[Opening SOURCE RECORDS section]

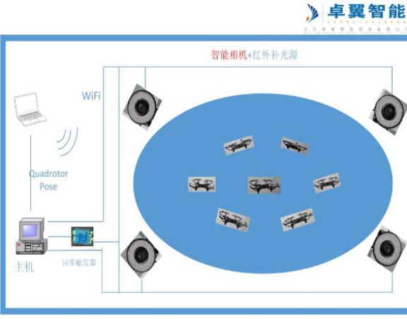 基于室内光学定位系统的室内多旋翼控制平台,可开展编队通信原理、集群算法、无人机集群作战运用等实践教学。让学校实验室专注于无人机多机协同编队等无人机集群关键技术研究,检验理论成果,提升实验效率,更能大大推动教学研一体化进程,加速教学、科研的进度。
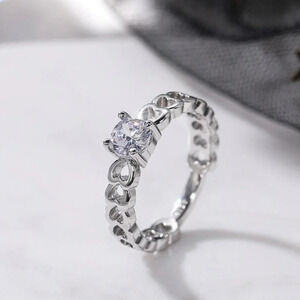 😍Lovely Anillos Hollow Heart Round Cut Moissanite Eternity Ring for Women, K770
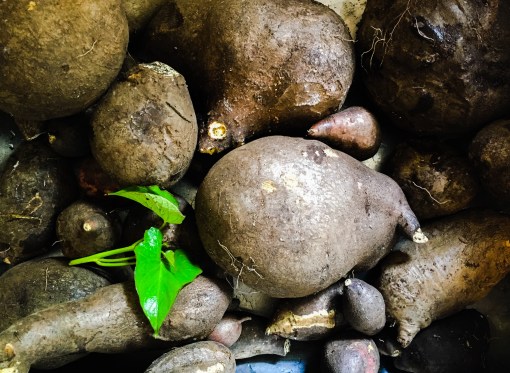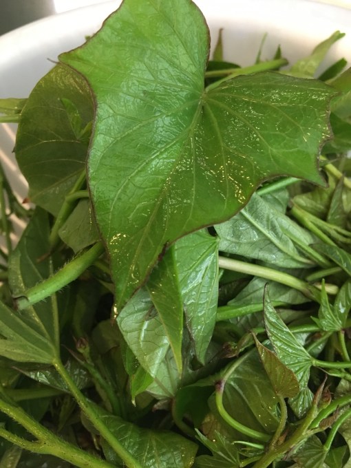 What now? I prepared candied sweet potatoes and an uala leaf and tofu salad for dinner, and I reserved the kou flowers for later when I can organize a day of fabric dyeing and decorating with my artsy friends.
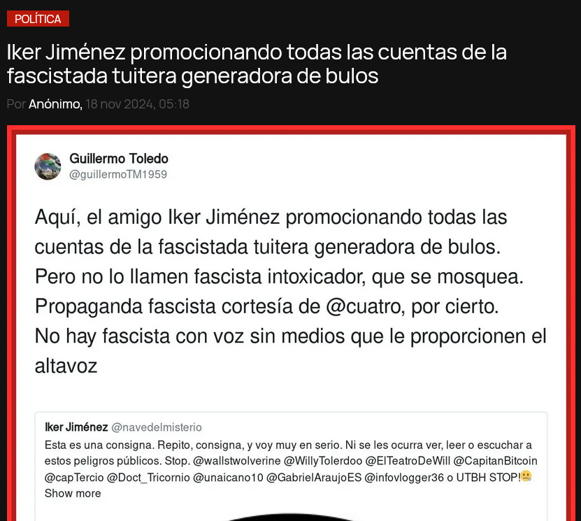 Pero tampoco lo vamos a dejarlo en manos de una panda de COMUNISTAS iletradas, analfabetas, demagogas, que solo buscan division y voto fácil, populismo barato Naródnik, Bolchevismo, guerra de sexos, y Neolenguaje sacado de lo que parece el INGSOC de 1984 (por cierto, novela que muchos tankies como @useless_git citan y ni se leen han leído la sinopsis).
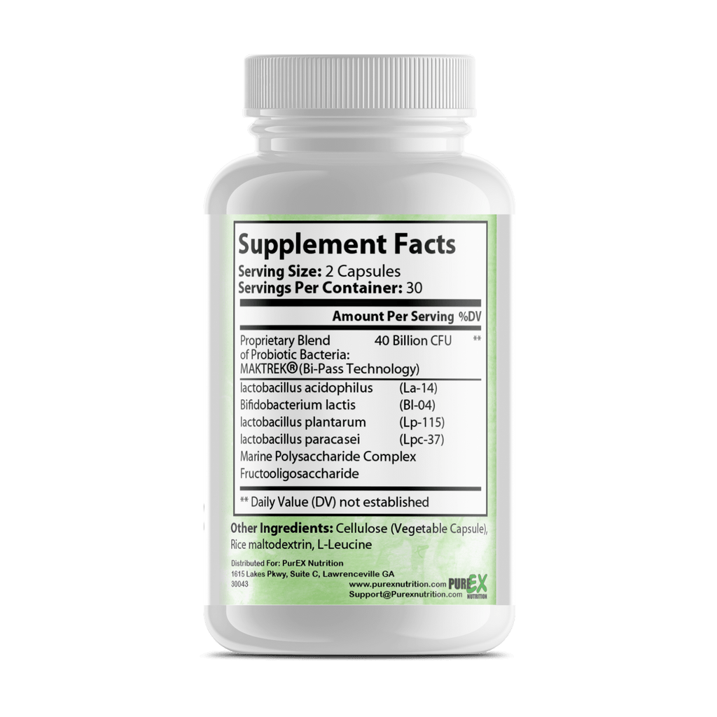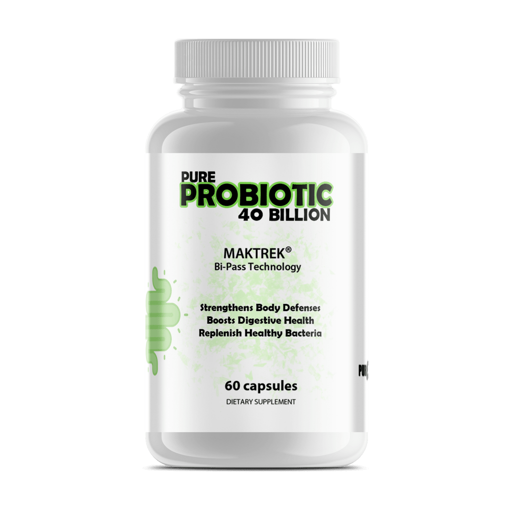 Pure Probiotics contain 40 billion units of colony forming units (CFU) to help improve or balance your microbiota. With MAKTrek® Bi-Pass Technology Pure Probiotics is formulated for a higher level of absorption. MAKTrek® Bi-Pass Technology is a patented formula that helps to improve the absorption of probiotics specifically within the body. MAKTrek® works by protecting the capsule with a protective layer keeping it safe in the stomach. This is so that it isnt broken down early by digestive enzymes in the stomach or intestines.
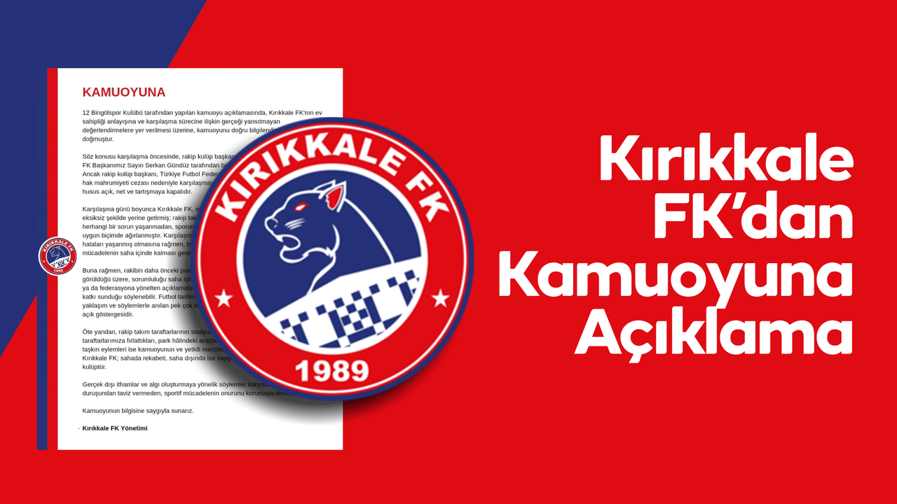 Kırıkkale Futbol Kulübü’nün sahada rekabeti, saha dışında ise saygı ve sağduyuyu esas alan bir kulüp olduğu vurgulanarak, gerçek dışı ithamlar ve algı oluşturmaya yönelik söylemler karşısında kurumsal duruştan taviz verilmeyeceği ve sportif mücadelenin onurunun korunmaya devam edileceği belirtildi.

[Closing SOURCE RECORDS section]

Your reply should consist solely of the lines above, from the opening line through the line with "for Women, K770", reproduced exactly and without pictures.

#### COMPLETED TASK
 基于室内光学定位系统的室内多旋翼控制平台,可开展编队通信原理、集群算法、无人机集群作战运用等实践教学。让学校实验室专注于无人机多机协同编队等无人机集群关键技术研究,检验理论成果,提升实验效率,更能大大推动教学研一体化进程,加速教学、科研的进度。
 😍Lovely Anillos Hollow Heart Round Cut Moissanite Eternity Ring for Women, K770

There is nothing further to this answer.